* _EXCERPTED DATA_:

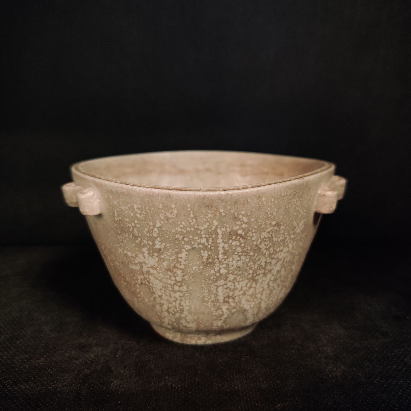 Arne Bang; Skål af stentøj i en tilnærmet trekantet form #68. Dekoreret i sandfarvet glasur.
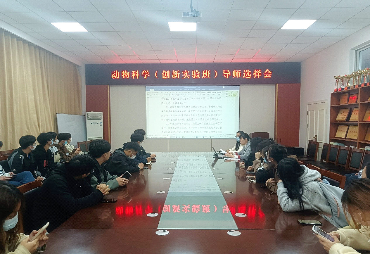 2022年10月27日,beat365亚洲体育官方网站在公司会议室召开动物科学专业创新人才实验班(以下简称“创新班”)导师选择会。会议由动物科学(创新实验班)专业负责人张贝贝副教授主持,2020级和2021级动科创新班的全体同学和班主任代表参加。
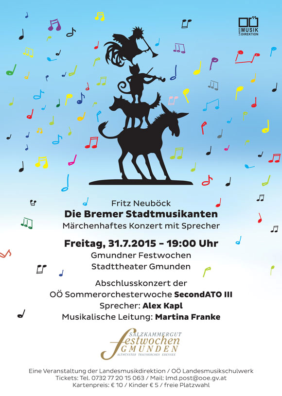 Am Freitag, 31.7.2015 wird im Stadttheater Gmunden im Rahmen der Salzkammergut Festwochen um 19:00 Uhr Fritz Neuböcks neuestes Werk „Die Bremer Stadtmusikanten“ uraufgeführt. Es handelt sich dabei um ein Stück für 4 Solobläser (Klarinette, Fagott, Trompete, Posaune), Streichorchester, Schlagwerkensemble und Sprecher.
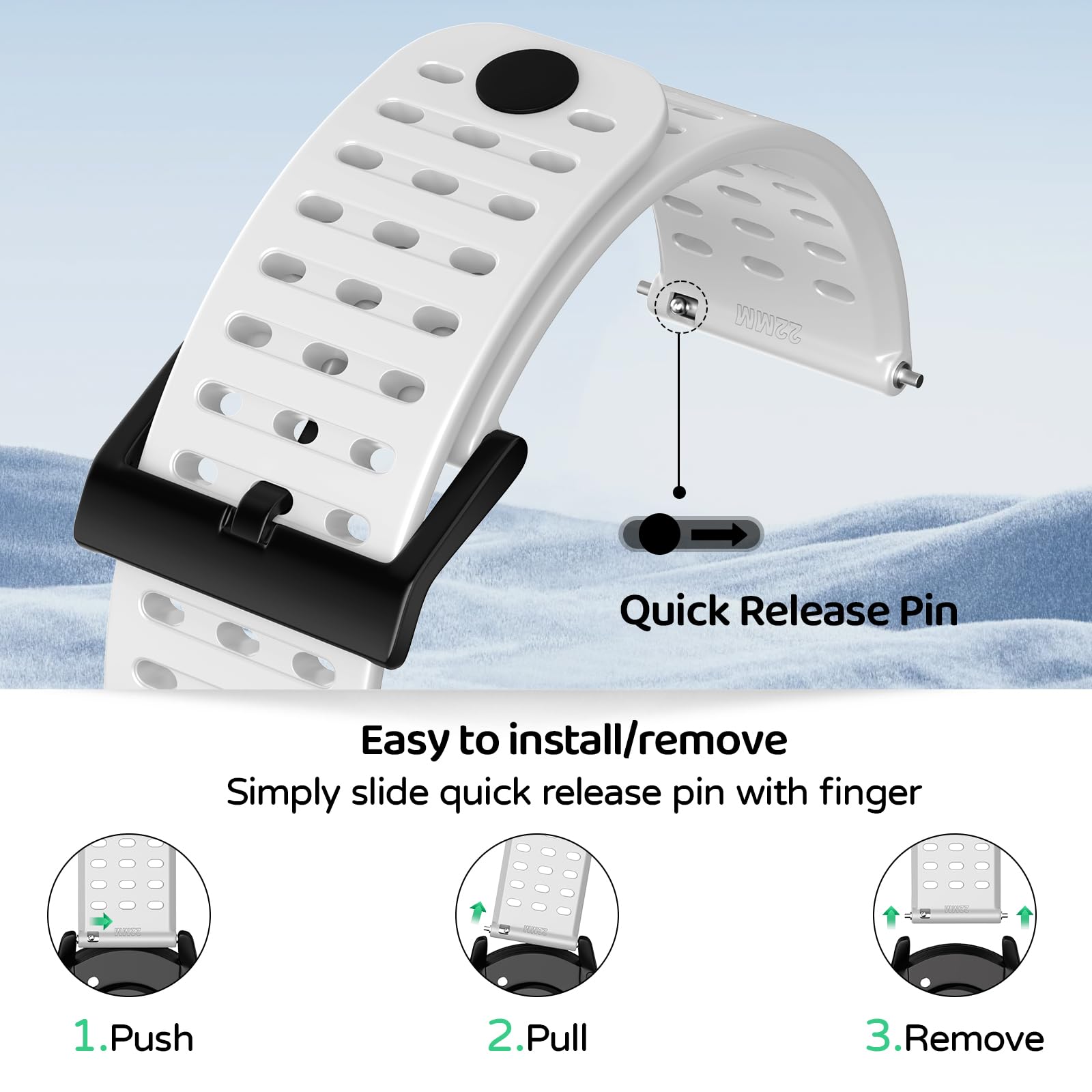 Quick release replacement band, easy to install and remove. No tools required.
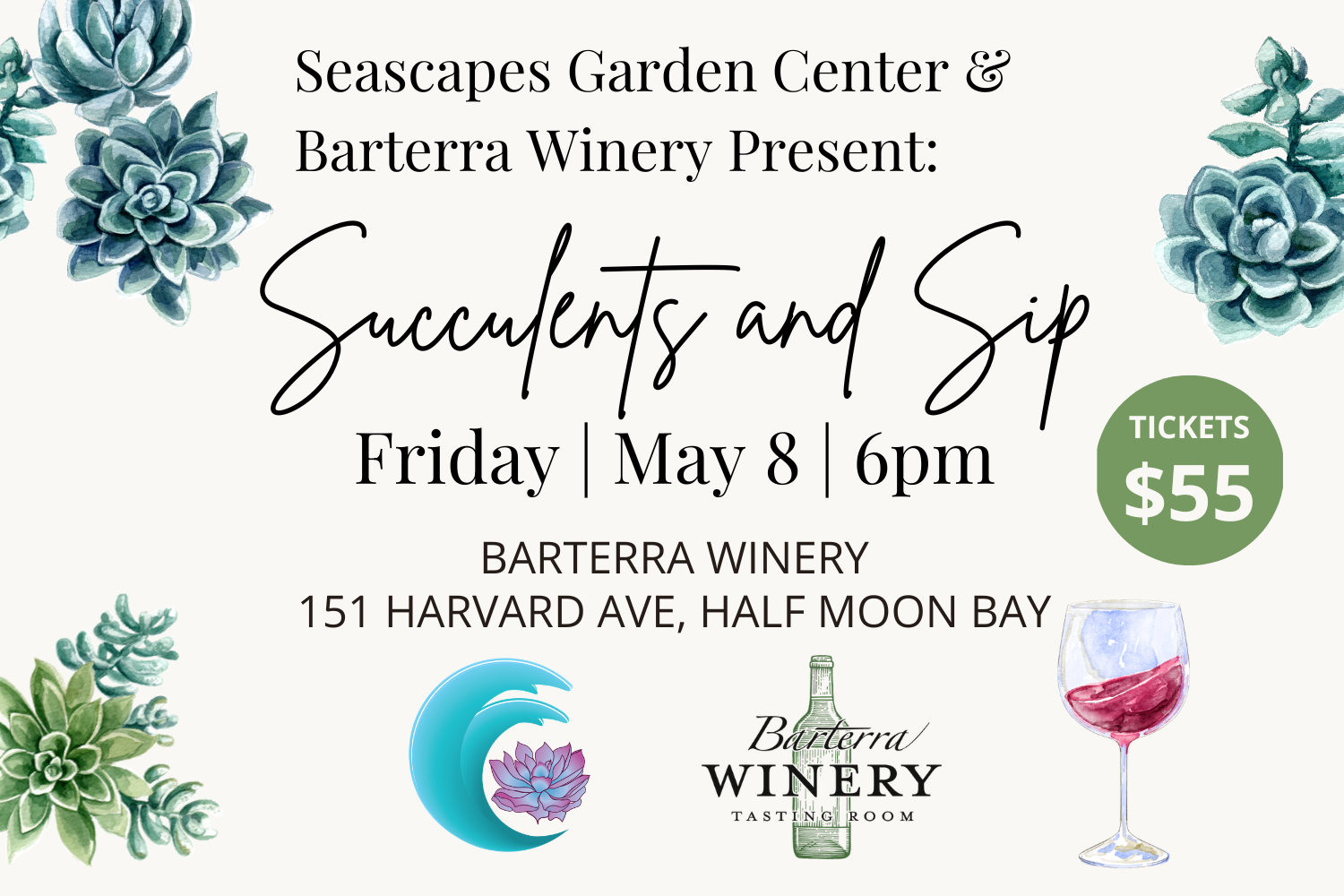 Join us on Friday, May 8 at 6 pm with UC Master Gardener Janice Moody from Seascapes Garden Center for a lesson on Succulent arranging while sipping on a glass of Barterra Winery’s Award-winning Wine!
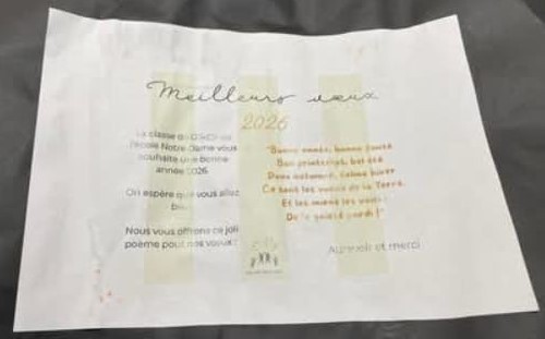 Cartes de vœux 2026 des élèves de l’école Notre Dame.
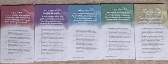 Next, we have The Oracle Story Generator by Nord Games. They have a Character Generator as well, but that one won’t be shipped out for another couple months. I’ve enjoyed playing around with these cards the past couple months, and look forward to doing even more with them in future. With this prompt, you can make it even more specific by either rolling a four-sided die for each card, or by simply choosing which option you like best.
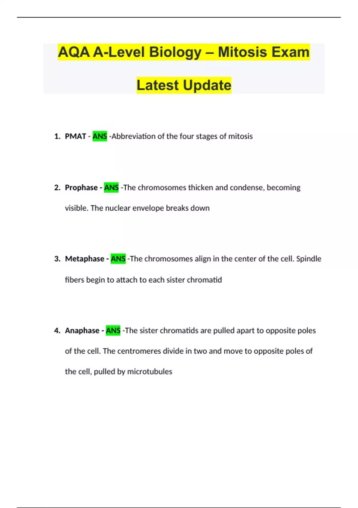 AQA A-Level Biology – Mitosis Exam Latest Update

* _DIRECTIONS FOR THIS TASK_: Reproduce only the lines from the first line of the listing above up to and including the line that holds "Cartes de vœux". Omit the pictures.

* _EXERCISE ANSWER_:
 Arne Bang; Skål af stentøj i en tilnærmet trekantet form #68. Dekoreret i sandfarvet glasur.
 2022年10月27日,beat365亚洲体育官方网站在公司会议室召开动物科学专业创新人才实验班(以下简称“创新班”)导师选择会。会议由动物科学(创新实验班)专业负责人张贝贝副教授主持,2020级和2021级动科创新班的全体同学和班主任代表参加。
 Am Freitag, 31.7.2015 wird im Stadttheater Gmunden im Rahmen der Salzkammergut Festwochen um 19:00 Uhr Fritz Neuböcks neuestes Werk „Die Bremer Stadtmusikanten“ uraufgeführt. Es handelt sich dabei um ein Stück für 4 Solobläser (Klarinette, Fagott, Trompete, Posaune), Streichorchester, Schlagwerkensemble und Sprecher.
 Quick release replacement band, easy to install and remove. No tools required.
 Join us on Friday, May 8 at 6 pm with UC Master Gardener Janice Moody from Seascapes Garden Center for a lesson on Succulent arranging while sipping on a glass of Barterra Winery’s Award-winning Wine!
 Cartes de vœux 2026 des élèves de l’école Notre Dame.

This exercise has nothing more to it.